One wonders what she would say to the families of the victims.

The death penalty as a deterrent to future crimes

The trouble with Democrats is that they make decisions based on feelings and intentions, instead of based on knowledge and results. No one likes the death penalty, but that’s not the point of it. The point of the death penalty is that is deters future crimes.

The left-wing Washington Post reports on the latest research.

Excerpt:

“Science does really draw a conclusion. It did. There is no question about it,” said Naci Mocan, an economics professor at the University of Colorado at Denver. “The conclusion is there is a deterrent effect.”

A 2003 study he co-authored, and a 2006 study that re-examined the data, found that each execution results in five fewer homicides, and commuting a death sentence means five more homicides. “The results are robust, they don’t really go away,” he said. “I oppose the death penalty. But my results show that the death penalty (deters) – what am I going to do, hide them?”

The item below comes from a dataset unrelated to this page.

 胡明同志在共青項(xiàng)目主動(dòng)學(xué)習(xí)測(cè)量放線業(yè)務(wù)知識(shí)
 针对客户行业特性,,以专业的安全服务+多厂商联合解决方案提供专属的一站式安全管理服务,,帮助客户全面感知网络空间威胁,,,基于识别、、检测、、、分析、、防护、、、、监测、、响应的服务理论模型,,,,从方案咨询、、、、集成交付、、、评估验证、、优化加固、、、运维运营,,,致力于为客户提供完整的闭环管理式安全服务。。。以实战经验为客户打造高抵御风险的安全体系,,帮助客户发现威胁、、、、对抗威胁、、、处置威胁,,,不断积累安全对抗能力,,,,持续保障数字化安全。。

Statistical studies like his are among a dozen papers since 2001 that capital punishment has deterrent effects. They all explore the same basic theory – if the cost of something (be it the purchase of an apple or the act of killing someone) becomes too high, people will change their behavior (forego apples or shy from murder).

[…]Among the conclusions:

– Each execution deters an average of 18 murders, according to a 2003 nationwide study by professors at Emory University. (Other studies have estimated the deterred murders per execution at three, five and 14).

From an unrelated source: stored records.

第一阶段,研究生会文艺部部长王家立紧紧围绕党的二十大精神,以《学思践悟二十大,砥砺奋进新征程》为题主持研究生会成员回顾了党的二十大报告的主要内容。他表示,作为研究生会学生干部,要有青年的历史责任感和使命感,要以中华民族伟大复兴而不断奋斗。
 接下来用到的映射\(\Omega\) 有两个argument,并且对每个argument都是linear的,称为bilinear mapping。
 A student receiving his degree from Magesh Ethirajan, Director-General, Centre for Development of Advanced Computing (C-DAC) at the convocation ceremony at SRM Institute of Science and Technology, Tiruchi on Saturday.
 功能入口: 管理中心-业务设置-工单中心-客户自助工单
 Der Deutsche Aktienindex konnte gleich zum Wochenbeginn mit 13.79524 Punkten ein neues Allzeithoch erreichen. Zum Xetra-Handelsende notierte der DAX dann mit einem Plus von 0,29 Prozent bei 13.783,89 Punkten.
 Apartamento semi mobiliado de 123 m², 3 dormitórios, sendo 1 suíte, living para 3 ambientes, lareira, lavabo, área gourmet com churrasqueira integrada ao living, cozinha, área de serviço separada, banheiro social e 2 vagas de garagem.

– The Illinois moratorium on executions in 2000 led to 150 additional homicides over four years following, according to a 2006 study by professors at the University of Houston.

– Speeding up executions would strengthen the deterrent effect. For every 2.75 years cut from time spent on death row, one murder would be prevented, according to a 2004 study by an Emory University professor.

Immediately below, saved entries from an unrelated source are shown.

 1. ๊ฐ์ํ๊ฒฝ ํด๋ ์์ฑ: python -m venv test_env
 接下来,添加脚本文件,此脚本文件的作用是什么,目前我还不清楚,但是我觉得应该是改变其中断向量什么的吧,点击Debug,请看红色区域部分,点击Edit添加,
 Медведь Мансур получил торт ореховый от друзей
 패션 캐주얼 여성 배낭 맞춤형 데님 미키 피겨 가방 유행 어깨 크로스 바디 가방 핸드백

So, removing the death penalty encourages criminals to commit more crime. And this also applies to terrorism. If you want to coddle captured terrorists by giving them civilian trials and life imprisonment, instead of military trials and death sentences, then you get more terrorism.

Navy SEALS face criminal charges after capturing terrorist

Now let’s turn to this story from Fox News. (via The Weekly Standard via Fausta’s Blog)

Excerpt:

Navy SEALs have secretly captured one of the most wanted terrorists in Iraq — the alleged mastermind of the murder and mutilation of four Blackwater USA security guards in Fallujah in 2004. And three of the SEALs who captured him are now facing criminal charges, sources told FoxNews.com.

The three, all members of the Navy’s elite commando unit, have refused non-judicial punishment — called an admiral’s mast — and have requested a trial by court-martial.

Ahmed Hashim Abed, whom the military code-named “Objective Amber,” told investigators he was punched by his captors — and he had the bloody lip to prove it.

Now, instead of being lauded for bringing to justice a high-value target, three of the SEAL commandos, all enlisted, face assault charges and have retained lawyers.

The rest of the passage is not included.